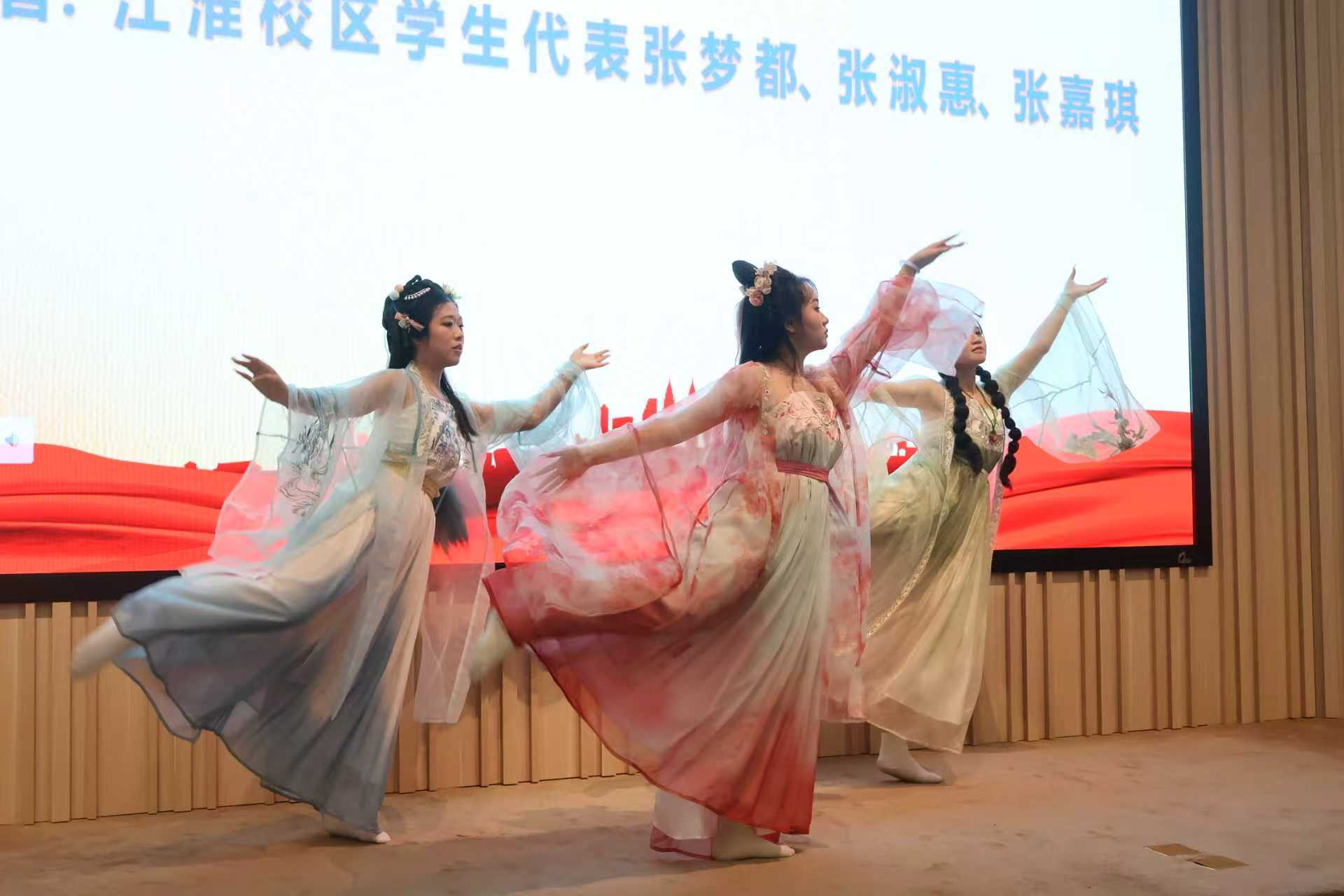 随后,江淮校区学生带来了舞蹈《繁花》、朗诵《非物质文化遗产鉴赏》等精彩纷呈的民俗表演,吸引了众多师生的目光。民俗乐器合奏及古风舞蹈等节目轮番上演,不仅展示了中国传统音乐的独特魅力,也让现场观众沉浸在浓厚的艺术氛围中。主持人还详细介绍了剪纸、糖人制作、团扇制作和皮影戏等四大非遗体验项目,激发了大家浓厚的兴趣。
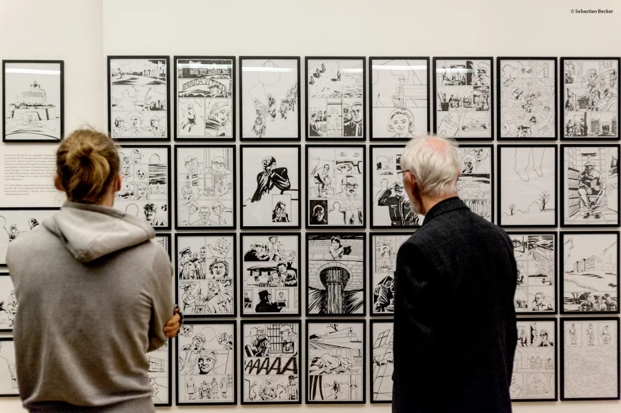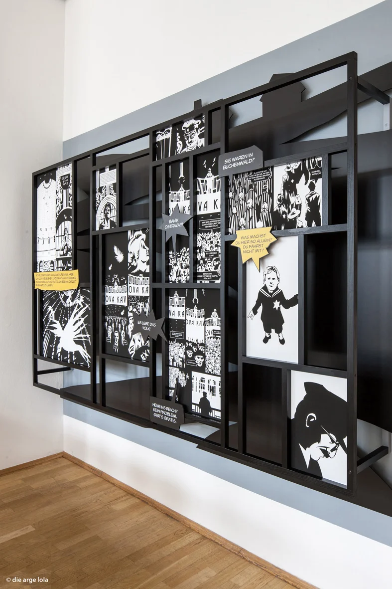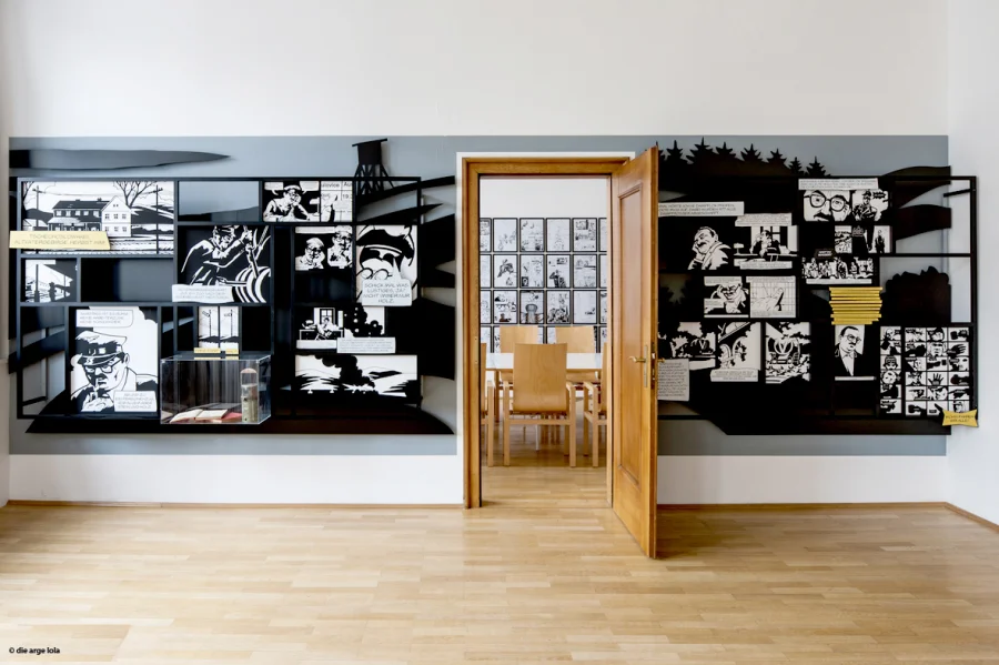 Zentraler Bestandteil der Ausstellung sind Lasercuts, die die holzschnittartige Optik des Comics aufnehmen und ein Rahmensystem, in dem die Bilder gehängt sind und Ausstellungsobjekte integiert sind. Dieses funktioniert wie eine stark vergrösserte, dreidimensionale Comicseite.
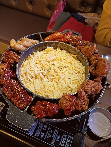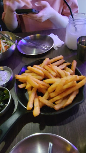 冷麵 有小辣以上 松露薯條 沾醬好吃 韓國一隻雞 石鍋拌飯 店員能幫忙處理 雞湯蒜香味濃 肉嫩連馬鈴薯 都煮透軟 起司地瓜 要在店員拌好上桌熱熱吃👍🏻 半半炸雞🍗有甘醬辣醬各半 甜甜辣辣 🐽也會包生菜包肉了 期待下次再去吃

### Problem
Once you find the line that contains "Zentraler Bestandteil der", give it again along with every later line through the end of the data, word for word, minus the pictures.

### Result
 Zentraler Bestandteil der Ausstellung sind Lasercuts, die die holzschnittartige Optik des Comics aufnehmen und ein Rahmensystem, in dem die Bilder gehängt sind und Ausstellungsobjekte integiert sind. Dieses funktioniert wie eine stark vergrösserte, dreidimensionale Comicseite.
 冷麵 有小辣以上 松露薯條 沾醬好吃 韓國一隻雞 石鍋拌飯 店員能幫忙處理 雞湯蒜香味濃 肉嫩連馬鈴薯 都煮透軟 起司地瓜 要在店員拌好上桌熱熱吃👍🏻 半半炸雞🍗有甘醬辣醬各半 甜甜辣辣 🐽也會包生菜包肉了 期待下次再去吃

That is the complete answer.